Private, 5396, 11th Royal Fusiliers
Died of disease in hospital at Abbeville, France, 12 January 1917, aged c.33
Buried at Abbeville Communal Cemetery, Plot 11, Row B, Grave 12

The Badge of the Royal Fusiliers

Edward John Parker was born in Hartfield, and baptised at the church there on 29 April 1883, the son of William and Harriet Parker. By 1891 the family was living in Forest Row, at Gilliam's Lane, near the cemetery. William was a cowman. There were three children in the family at this time: William George - listed as William, Edward John - recorded as John, and Helen Mary - known as Helen. By 1901 they had moved to Parkside Cottages, Forest Row, and another daughter, Edie, or Edith Annie, had been born. Edward, or John as he seems to have always been known, was working as a gardener. The 1911 census shows that the parents were now living at Birchgrove, but John, still working as a gardener, was boarding with John and Sarah Jenner at Morris's Cottages, Forest Row.
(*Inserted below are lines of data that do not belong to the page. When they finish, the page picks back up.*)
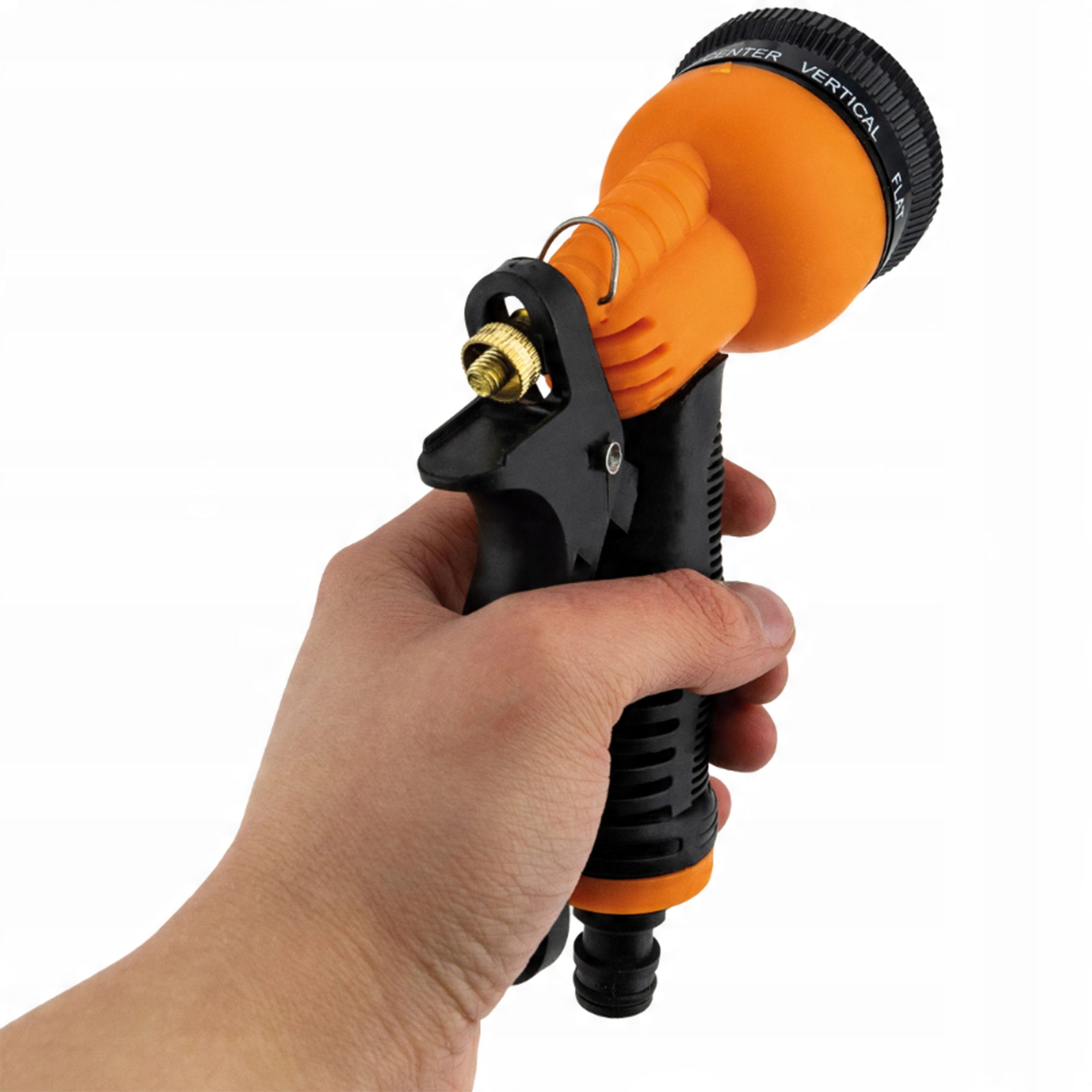 ✅Пистолет оснащен удобной нескользящей ручкой и фиксатором слива воды без необходимости постоянно нажимать на ручку — достаточно сдвинуть металлический крючок в пистолете.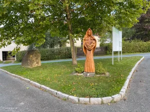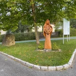 Vom Startpunkt beim Wirt führt meine heutige Tour gleich mal ein wenig bergauf, gegenüber vom Gasthaus die Gasse hinein. Keine 100 Meter später wandere ich auch schon beim ersten „Highlight“, einer schönen, hölzernen Marienstatue, vorbei. Diese scheint noch nicht lange hier zu stehen und wirkt, als wäre sie gestern kunstvoll aus einem mächtigen Stamm geschnitzt worden. Gefällt mir.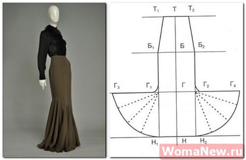 Вот еще один вариант выкройки юбки в пол — на основе юбки годе.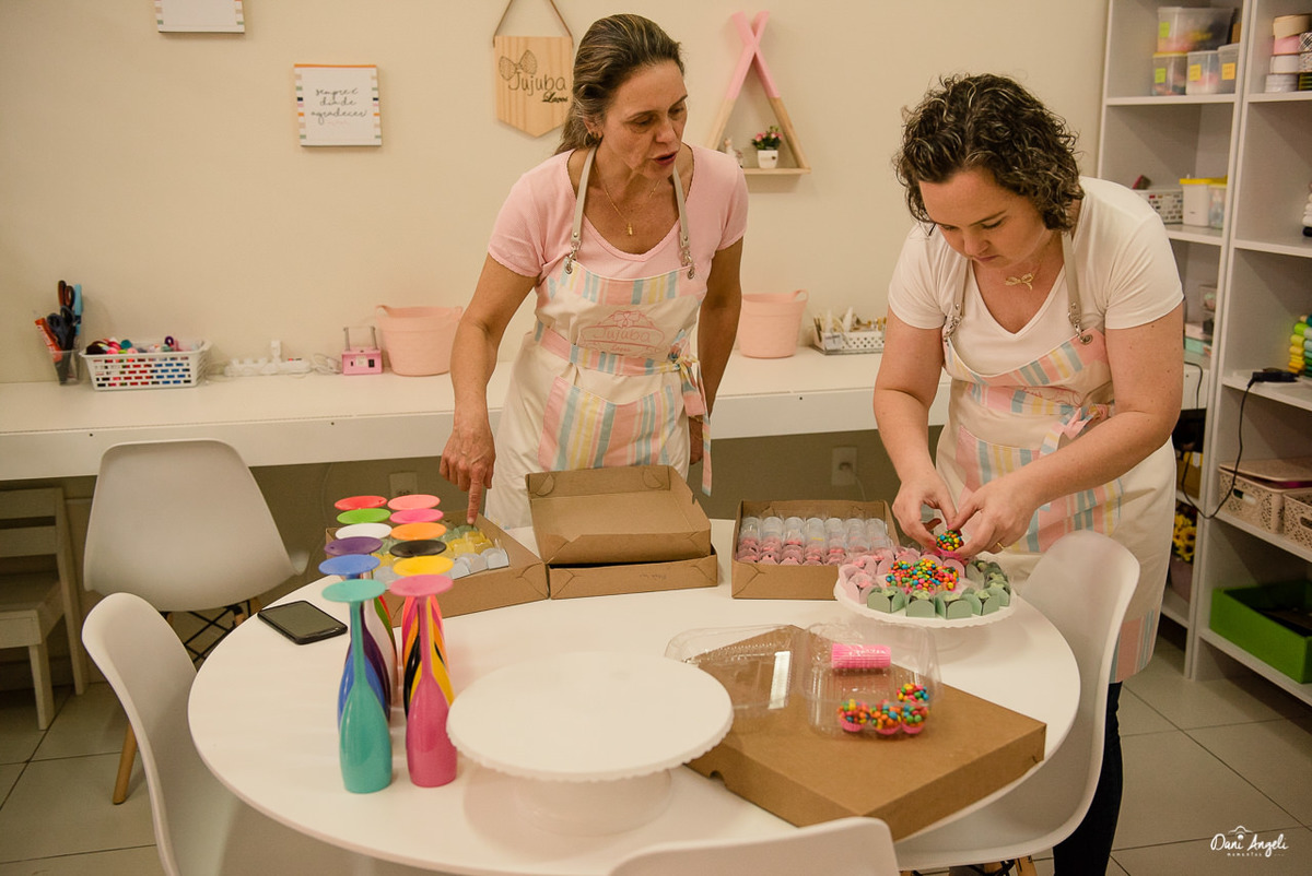 Tem o cheirinho da Jujuba, o carinho do atendimento e o atelier fica ali mesmo. Facilitando e agilizando as entregas para as clientes.

In early 1913, John married Lydia Mary Brooks, somewhere in the East Grinstead Registration District. She was born in Brampford Speke in Devon, but had been working as a servant in the household of Sir Lewis Dibdin (an ecclesiastical lawyer) in Dormansland (near East Grinstead), Surrey. A son, Cecil, was born to John and Lydia later in the year.

According to Ancestry's Soldiers died in the Great War, John Parker enlisted at 'Grimstead', but I suspect this is a mis-transcription for East Grinstead. The year is not given, and no attestation papers survive. However, the Royal Fusiliers 11th Battalion (London Regiment) formed on 6 September 1914 at Hounslow, and John may well have joined up in the early days of the war. In July 1915, the battalion was mobilised and subsequently landed at Boulogne. During 1916, John may well have seen action at the battles of Albert, Bazetin Ridge, Delville Wood, Thiepval Ridge and Ancre Heights. The battalion was also involved in the capture of Regina Trench and the Battle of the Ancre.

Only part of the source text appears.